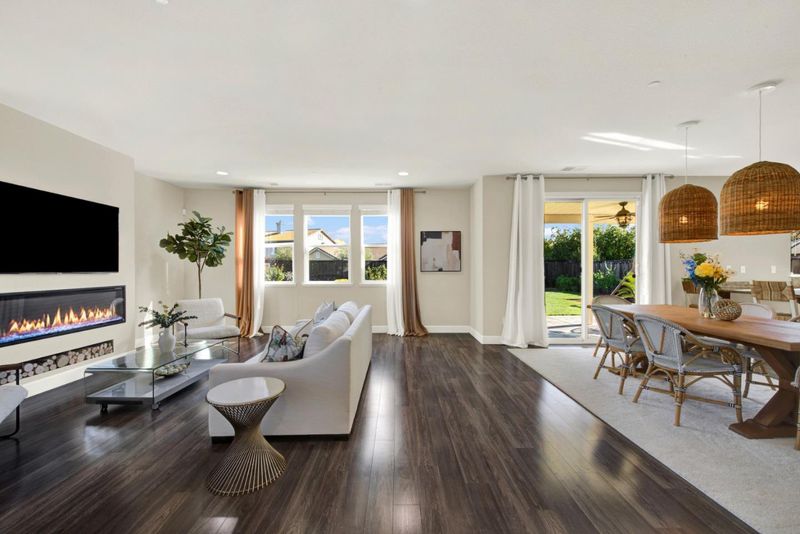 Spacious modern home located in the beautiful Sterling Chateau neighborhood of Vacaville. Open concept layout: entry area with a coat closet, living room with a statement fireplace, light filled dining room space, and kitchen with numerous cabinets. This is the perfect place for large gatherings and holiday celebrations. Four bedrooms upstairs: an expansive primary bedroom and bathroom with a double sink, shower, bathtub, and a walk-in closet; the fourth bedroom has its own private feel, located at the end of the hallway with a full bathroom next to it. Large backyard with rose, lemon and palm trees, and a covered patio. You are midway between San Francisco and Sacramento, with proximity to Napa Valley, and minutes away from Travis AFB. Enjoy Vacaville Premium Outlets and Nut Tree Plaza. Magnolia and Play4All Parks near by.
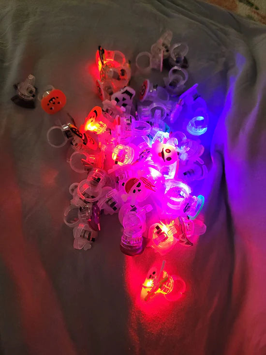 2. Are the Halloween LED Glow Rings (50pcs set) safe for kids to wear?
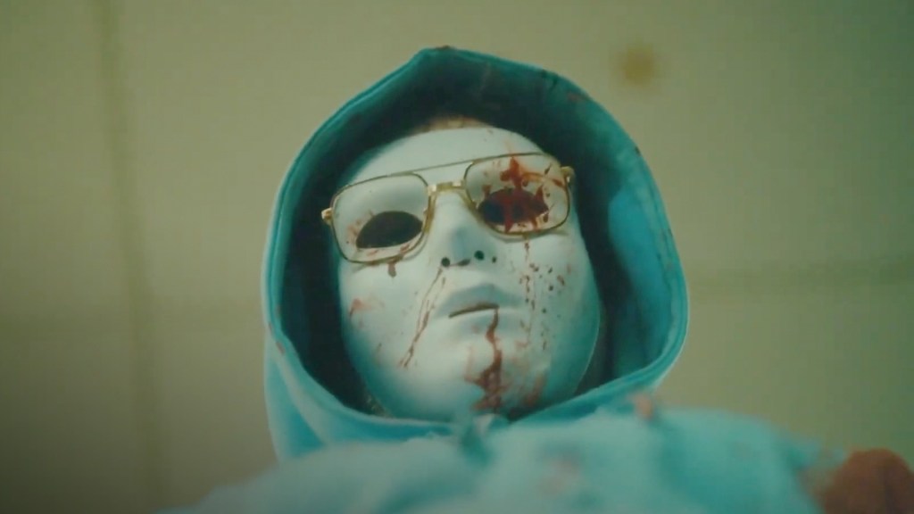 In here, there’s mention of The Dark Arts of Bowling! Excitement! But then someone holes herself up in a room, protected from murdering assholes by nothing but a weak door handle lock. There’s a dude in a bowling pin mascot costume! But there’s also this gen z kid who keeps using the word “cock” over and over. “Jeez cock,you’re being such a cock.” “Man these shoes are cock.” “I’ll stop acting like cock if you pick up that split.” “These crabs in my pubes are real cock.” “That eric undead blog is certainly not the tits and just cock.” But I really did like the fact they had a killer with glasses over his mask – I thought that was clever. And the girl with the pony tails.
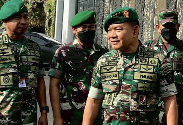 MERAUKE – Kepala Staf TNI Angkatan Darat (KSAD) Jendral TNI Dudung Abdurachman mengunjungi para prajuritnya di kesatuan Yonif 123/RW yang sedang melaksanakan tugas pengamanan perbatasan RI-PNG di Merauke – Papua. Selasa, (12/4/2022).
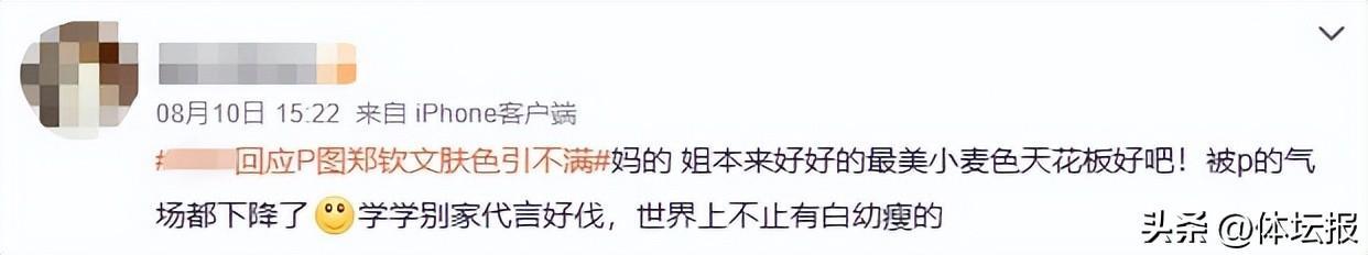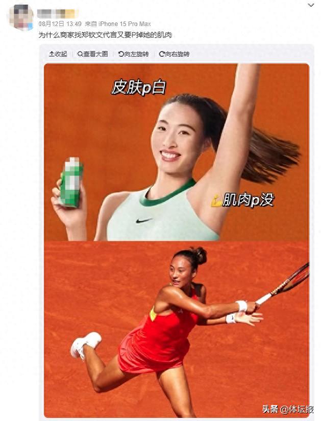 在某品牌的代言中,鄭欽文的小麥色皮膚變成“奶油白皮膚”,肌肉線條“被P沒了”。
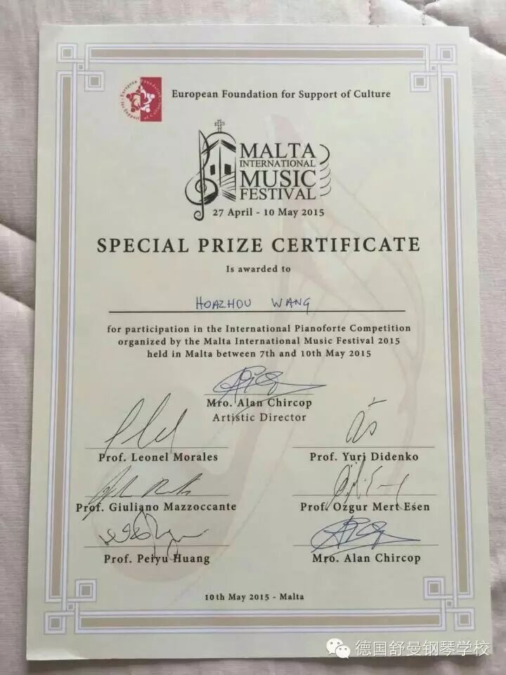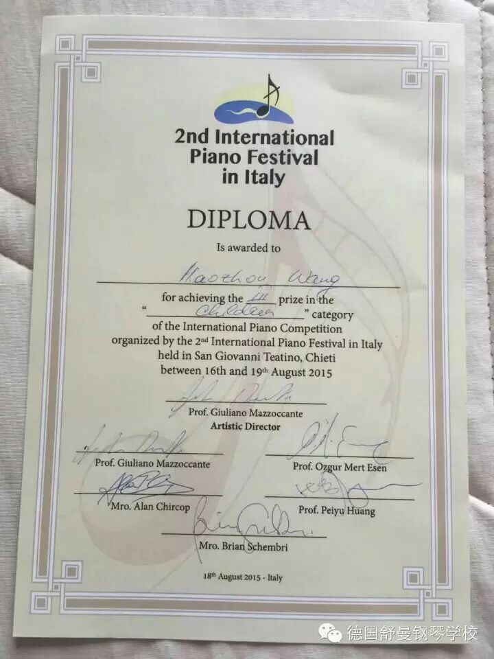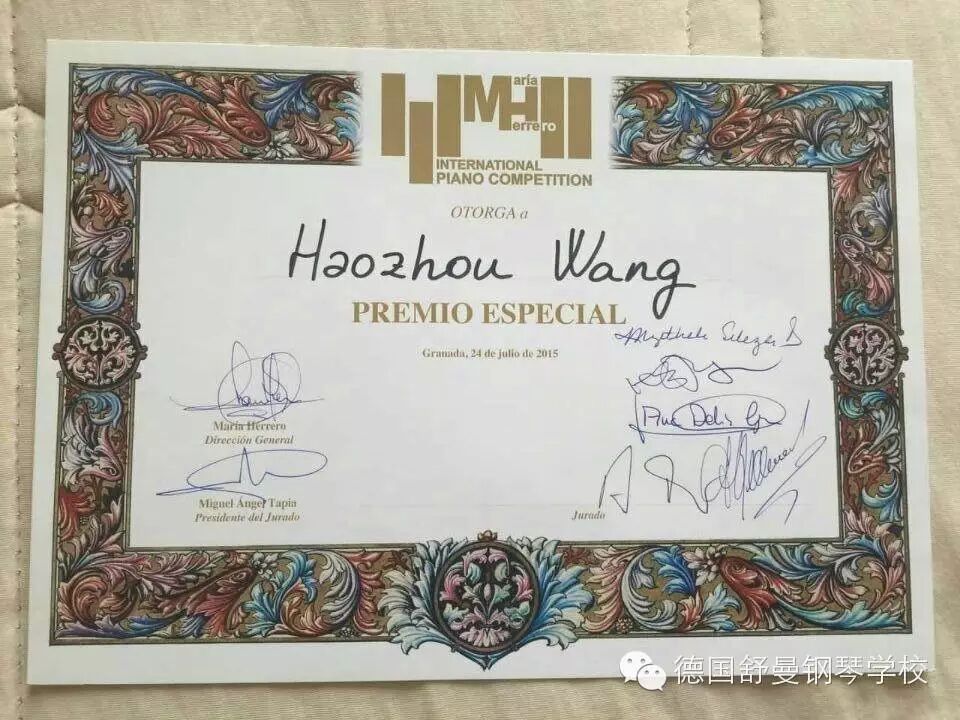 德国舒曼钢琴学校国际获奖优秀学生-王浩舟简介:

[AIM OF THE TASK]:
Retype the full listing above precisely. Exclude each picture you find in it.

[ANSWER TO THIS PROBLEM]:
 Spacious modern home located in the beautiful Sterling Chateau neighborhood of Vacaville. Open concept layout: entry area with a coat closet, living room with a statement fireplace, light filled dining room space, and kitchen with numerous cabinets. This is the perfect place for large gatherings and holiday celebrations. Four bedrooms upstairs: an expansive primary bedroom and bathroom with a double sink, shower, bathtub, and a walk-in closet; the fourth bedroom has its own private feel, located at the end of the hallway with a full bathroom next to it. Large backyard with rose, lemon and palm trees, and a covered patio. You are midway between San Francisco and Sacramento, with proximity to Napa Valley, and minutes away from Travis AFB. Enjoy Vacaville Premium Outlets and Nut Tree Plaza. Magnolia and Play4All Parks near by.
 2. Are the Halloween LED Glow Rings (50pcs set) safe for kids to wear?
 In here, there’s mention of The Dark Arts of Bowling! Excitement! But then someone holes herself up in a room, protected from murdering assholes by nothing but a weak door handle lock. There’s a dude in a bowling pin mascot costume! But there’s also this gen z kid who keeps using the word “cock” over and over. “Jeez cock,you’re being such a cock.” “Man these shoes are cock.” “I’ll stop acting like cock if you pick up that split.” “These crabs in my pubes are real cock.” “That eric undead blog is certainly not the tits and just cock.” But I really did like the fact they had a killer with glasses over his mask – I thought that was clever. And the girl with the pony tails.
 MERAUKE – Kepala Staf TNI Angkatan Darat (KSAD) Jendral TNI Dudung Abdurachman mengunjungi para prajuritnya di kesatuan Yonif 123/RW yang sedang melaksanakan tugas pengamanan perbatasan RI-PNG di Merauke – Papua. Selasa, (12/4/2022).
 在某品牌的代言中,鄭欽文的小麥色皮膚變成“奶油白皮膚”,肌肉線條“被P沒了”。
 德国舒曼钢琴学校国际获奖优秀学生-王浩舟简介:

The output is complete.